И того, схватив за руки и ноги, пацаны раскачали и забросили под небольшой кустик лозы. Рахит, громко хныкая, вылез обратно. В руках у него был завязанный сверху черный матерчатый мешочек. И оказалось, что хныкал не Рахит, а то, что шевелилось в этом мешочке.
-- Дай сюда, -- повелительно сказал Ковш.
И, забрав мешочек, развязал его.
В тот день я так и не прыгнул во второй раз.
Да, я иногда воровал сырки в магазине. Я и Ковш -- мы были постарше остальных детей в интернате. Ну, не могли же мы быть трусливее "мелюзги". Вот и воровали и для них, и для себя. И еще, когда появились эти котята, которых нашел Рахит...
... Мы возвращались с речки молча -- никто не знал, что надо делать. А потом Ковш, который нес мешочек с тремя котятами, сказал:
-- Пока лето, и в котельной никого нет, поселим их там. Но только чтоб рот на замок. Всем молчать и в котельную не бегать!
-- Так они молчать не будут, -- сказал Рахит и кивнул на мешочек, из которого непрерывно доносился писк котят.
-- Голодные, -- согласился Ковш. Потом немного подумал и сказал, передавая мешок Рахиту: -- Идите и ждите нас в сквере, где пионер стоит -- он имел ввиду скульптуру пионера, играющего на горне. -- А мы, -- он положил руку на мое плечо, -- за молоком сгоняем.
Недалеко от нашего интерната, на соседней улице, был небольшой одноэтажный продовольственный магазин. Там, в молочном отделе, прямо на прилавке выставляли ящики с бутылочным молоком и лоток с завернутыми в фольгу глазированными сырками. Вот мы, инкубаторские (так нас называли за одинаковую, из коричневого вельвета, интернатовскую форму), и умудрялись незаметно схватить из лотка сырок и спрятать его в карман, когда продавщица на минутку отвлекалась. Но бутылку молока в карман не спрячешь. Я это понимал. Понимал и Ковш. Он подвел меня к сетчатому забору, огораживающему хозяйственный двор магазина, и сказал:
-- Жди здесь. Я передам тебе молоко через забор. Они за тобой не полезут.
-- Тебя сцапают, -- сказал я.
-- Кто, эти толстые тетки? -- Ковш презрительно сплюнул на землю. -- Я их сделаю, не шевеля ушами.
И он пошел вокруг забора к входу в магазин.

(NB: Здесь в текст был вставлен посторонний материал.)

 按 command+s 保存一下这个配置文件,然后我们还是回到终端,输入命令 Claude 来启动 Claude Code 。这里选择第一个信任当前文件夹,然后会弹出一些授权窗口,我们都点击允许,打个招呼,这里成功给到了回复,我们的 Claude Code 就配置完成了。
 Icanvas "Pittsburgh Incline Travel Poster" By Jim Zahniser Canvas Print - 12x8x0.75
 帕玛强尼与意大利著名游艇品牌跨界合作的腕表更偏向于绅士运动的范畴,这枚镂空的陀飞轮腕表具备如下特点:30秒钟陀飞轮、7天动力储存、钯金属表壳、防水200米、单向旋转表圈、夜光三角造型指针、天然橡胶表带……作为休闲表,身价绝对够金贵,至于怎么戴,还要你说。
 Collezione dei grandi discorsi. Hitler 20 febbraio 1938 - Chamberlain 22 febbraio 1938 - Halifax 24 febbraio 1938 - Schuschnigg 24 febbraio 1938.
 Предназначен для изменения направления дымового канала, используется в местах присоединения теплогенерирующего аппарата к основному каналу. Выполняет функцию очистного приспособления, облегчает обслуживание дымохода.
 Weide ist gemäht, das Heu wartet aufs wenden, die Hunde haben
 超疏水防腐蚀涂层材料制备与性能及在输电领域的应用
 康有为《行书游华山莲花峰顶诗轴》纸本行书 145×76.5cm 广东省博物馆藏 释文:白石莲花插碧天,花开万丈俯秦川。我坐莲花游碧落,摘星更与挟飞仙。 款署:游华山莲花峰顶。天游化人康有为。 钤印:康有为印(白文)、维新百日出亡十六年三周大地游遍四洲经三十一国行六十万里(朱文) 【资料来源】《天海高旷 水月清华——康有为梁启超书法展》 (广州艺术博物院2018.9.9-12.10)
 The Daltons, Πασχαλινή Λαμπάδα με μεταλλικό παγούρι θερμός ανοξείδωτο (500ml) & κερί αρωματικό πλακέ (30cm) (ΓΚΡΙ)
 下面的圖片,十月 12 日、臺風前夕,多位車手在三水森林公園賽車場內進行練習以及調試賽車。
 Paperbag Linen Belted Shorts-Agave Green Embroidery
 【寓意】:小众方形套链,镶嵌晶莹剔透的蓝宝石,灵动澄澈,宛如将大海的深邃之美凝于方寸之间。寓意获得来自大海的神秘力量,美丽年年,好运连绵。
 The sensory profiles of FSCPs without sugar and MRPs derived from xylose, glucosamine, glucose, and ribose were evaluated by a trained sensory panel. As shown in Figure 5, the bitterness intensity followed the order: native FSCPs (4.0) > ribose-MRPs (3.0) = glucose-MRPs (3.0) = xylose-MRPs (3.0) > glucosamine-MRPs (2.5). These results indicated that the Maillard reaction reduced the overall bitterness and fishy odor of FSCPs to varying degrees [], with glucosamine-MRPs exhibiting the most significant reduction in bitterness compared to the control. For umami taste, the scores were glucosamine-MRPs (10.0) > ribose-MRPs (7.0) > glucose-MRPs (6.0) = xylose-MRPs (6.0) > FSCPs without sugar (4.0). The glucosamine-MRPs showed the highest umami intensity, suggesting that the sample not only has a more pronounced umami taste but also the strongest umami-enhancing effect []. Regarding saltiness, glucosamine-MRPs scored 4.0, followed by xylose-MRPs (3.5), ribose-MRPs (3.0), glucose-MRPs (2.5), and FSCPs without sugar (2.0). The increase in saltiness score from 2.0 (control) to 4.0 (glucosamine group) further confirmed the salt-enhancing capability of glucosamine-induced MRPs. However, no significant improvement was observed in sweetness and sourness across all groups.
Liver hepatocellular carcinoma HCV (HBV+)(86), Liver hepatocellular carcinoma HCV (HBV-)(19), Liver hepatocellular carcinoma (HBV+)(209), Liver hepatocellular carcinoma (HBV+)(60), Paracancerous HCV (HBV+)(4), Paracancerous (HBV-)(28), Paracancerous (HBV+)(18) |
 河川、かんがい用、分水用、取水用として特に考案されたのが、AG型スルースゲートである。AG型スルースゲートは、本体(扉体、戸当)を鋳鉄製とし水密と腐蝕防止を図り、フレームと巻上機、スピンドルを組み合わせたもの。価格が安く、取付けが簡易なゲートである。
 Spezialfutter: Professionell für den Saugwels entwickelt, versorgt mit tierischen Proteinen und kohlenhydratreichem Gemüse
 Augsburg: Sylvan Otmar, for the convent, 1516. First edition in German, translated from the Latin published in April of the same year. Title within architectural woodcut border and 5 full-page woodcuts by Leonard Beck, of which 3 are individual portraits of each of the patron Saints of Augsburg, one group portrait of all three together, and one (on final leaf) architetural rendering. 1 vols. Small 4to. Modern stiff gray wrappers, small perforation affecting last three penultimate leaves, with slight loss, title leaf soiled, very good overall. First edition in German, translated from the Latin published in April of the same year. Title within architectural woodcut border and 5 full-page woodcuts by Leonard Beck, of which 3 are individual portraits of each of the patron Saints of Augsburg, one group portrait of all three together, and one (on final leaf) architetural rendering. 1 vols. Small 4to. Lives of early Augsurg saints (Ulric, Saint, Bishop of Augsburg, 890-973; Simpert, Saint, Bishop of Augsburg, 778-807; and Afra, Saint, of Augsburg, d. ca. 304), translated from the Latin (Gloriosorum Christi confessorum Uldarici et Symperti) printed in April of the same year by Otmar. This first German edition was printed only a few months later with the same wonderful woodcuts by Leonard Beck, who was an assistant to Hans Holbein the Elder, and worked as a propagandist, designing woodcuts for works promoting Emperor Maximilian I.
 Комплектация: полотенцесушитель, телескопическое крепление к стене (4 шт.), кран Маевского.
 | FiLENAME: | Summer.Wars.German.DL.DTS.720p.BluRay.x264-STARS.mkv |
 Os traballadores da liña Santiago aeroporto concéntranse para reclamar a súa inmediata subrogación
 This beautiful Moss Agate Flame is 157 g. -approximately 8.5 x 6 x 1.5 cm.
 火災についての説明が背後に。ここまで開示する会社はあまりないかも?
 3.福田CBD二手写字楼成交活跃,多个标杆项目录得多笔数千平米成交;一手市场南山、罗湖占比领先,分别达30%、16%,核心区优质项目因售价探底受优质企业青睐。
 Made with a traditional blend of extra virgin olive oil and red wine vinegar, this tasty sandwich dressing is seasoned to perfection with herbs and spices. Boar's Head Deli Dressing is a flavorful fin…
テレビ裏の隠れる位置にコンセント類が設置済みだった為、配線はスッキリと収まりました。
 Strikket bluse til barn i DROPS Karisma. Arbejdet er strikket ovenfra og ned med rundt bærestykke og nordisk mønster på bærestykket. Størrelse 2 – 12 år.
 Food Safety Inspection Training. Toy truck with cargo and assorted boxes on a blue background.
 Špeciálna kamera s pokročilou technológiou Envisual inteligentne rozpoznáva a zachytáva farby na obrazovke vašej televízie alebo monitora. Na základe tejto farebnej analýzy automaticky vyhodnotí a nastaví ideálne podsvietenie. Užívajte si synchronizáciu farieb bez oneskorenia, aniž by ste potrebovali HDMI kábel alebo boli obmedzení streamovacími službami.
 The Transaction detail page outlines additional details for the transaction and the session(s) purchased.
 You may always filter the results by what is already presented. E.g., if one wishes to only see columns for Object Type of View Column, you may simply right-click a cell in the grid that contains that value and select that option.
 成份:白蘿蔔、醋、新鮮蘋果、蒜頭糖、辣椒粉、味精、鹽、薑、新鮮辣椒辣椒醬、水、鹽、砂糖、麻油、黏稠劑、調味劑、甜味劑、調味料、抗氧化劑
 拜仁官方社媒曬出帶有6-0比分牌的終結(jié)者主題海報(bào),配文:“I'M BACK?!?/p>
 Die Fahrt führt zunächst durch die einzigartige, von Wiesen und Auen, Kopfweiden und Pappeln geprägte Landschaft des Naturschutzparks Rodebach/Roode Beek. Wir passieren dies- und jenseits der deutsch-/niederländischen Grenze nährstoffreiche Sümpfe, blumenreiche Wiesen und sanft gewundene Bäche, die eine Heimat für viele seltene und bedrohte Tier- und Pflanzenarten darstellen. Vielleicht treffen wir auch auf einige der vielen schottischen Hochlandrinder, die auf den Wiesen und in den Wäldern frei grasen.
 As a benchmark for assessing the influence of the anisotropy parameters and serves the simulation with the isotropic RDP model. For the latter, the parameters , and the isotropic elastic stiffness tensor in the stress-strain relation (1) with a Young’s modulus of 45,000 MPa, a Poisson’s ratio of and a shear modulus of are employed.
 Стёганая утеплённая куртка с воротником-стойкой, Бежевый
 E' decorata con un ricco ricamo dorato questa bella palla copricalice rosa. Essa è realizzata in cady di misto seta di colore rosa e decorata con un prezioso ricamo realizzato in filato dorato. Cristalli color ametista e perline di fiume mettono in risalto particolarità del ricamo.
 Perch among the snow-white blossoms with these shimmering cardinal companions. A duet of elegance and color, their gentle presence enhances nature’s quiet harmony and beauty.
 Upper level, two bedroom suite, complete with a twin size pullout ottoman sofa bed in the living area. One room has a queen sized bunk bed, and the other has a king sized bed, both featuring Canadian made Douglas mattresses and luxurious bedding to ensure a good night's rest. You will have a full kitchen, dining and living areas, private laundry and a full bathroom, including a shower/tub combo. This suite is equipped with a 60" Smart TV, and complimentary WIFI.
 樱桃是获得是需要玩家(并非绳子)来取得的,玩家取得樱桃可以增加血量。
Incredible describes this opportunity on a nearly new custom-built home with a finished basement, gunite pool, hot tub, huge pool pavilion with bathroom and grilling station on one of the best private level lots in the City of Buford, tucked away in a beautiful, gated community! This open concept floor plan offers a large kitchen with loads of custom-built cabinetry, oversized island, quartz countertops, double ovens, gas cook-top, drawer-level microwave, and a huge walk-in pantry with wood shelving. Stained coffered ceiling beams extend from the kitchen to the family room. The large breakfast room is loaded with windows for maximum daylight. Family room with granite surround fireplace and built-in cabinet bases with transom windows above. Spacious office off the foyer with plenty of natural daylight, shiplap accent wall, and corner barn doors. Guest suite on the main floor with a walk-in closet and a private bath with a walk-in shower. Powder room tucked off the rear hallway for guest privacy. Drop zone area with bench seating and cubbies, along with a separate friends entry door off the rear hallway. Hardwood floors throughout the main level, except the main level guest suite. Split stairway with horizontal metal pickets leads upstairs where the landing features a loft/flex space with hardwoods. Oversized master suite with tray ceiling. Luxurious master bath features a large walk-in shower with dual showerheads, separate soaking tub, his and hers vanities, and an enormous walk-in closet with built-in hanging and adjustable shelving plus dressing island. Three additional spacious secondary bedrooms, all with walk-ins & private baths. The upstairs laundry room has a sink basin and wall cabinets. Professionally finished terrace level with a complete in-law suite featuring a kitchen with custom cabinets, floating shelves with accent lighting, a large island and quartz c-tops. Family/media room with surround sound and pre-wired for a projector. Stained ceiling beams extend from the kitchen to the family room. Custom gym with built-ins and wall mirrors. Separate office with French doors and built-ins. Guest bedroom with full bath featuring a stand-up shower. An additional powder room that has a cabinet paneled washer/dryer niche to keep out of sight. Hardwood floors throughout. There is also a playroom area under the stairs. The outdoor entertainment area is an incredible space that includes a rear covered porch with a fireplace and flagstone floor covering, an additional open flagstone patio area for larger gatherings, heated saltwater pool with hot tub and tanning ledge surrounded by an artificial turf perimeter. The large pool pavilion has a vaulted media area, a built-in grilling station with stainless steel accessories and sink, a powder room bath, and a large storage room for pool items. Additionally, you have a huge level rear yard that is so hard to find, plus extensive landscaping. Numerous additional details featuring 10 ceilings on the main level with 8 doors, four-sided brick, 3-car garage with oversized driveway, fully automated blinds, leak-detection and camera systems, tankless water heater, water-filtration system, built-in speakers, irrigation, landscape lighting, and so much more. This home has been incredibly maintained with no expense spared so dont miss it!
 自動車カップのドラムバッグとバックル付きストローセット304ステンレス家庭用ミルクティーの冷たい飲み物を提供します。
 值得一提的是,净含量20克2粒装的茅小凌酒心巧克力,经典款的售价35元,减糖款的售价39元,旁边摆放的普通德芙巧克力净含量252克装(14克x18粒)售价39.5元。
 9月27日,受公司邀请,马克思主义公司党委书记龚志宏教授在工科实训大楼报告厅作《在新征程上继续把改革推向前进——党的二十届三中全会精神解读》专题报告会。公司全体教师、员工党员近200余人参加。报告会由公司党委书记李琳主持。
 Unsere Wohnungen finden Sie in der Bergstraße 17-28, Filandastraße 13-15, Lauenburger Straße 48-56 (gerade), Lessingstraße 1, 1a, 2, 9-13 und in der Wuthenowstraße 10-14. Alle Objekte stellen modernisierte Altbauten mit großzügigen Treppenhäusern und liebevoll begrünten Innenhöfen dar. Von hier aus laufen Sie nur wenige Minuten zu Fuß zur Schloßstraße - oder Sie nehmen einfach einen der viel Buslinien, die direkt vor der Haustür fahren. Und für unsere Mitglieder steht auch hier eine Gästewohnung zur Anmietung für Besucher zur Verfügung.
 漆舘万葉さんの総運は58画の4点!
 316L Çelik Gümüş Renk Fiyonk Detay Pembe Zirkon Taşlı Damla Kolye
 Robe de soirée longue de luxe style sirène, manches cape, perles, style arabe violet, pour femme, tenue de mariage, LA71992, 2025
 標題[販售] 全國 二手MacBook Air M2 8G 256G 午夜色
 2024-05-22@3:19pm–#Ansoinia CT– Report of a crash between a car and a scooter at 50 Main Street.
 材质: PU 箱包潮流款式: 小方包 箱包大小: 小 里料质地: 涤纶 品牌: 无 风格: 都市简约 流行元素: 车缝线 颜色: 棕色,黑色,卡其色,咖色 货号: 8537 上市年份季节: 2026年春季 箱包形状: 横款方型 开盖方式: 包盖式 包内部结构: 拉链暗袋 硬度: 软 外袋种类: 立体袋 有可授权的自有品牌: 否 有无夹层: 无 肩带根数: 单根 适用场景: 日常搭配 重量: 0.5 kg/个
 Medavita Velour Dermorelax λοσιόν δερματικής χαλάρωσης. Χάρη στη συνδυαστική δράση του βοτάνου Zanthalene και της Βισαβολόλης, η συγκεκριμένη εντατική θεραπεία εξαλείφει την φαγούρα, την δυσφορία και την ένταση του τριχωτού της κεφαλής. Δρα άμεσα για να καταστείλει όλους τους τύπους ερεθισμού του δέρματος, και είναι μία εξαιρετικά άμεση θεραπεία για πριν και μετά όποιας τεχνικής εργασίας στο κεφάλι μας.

Входной двери мне не было видно, но зато прямо перед моей засадой находилась дверь подсобного помещения. Она вдруг открылась, и из подсобки вышел грузчик. Он вынул из кармана грязного халата пачку сигарет и, закурив, взял из штабеля у стены деревянный ящик и сел на него. Грузчик был здоровый, как носорог, с красной, мясистой рожей. Я отчетливо слышал, как жалобно скрипит под ним ящик, и лихорадочно соображал, что мне предпринять. Но придумать ничего не успел: от входной двери магазина послышался пронзительный женский визг. Затем из-за угла выскочил Ковш, держа в каждой руке по бутылке с молоком.
-- Держи-и-и!!! -- неслось ему вслед.
Ковш подскочил к забору и передал мне бутылки.
-- Драпай! -- успел сказать он прежде, чем грузчик сгреб его в охапку.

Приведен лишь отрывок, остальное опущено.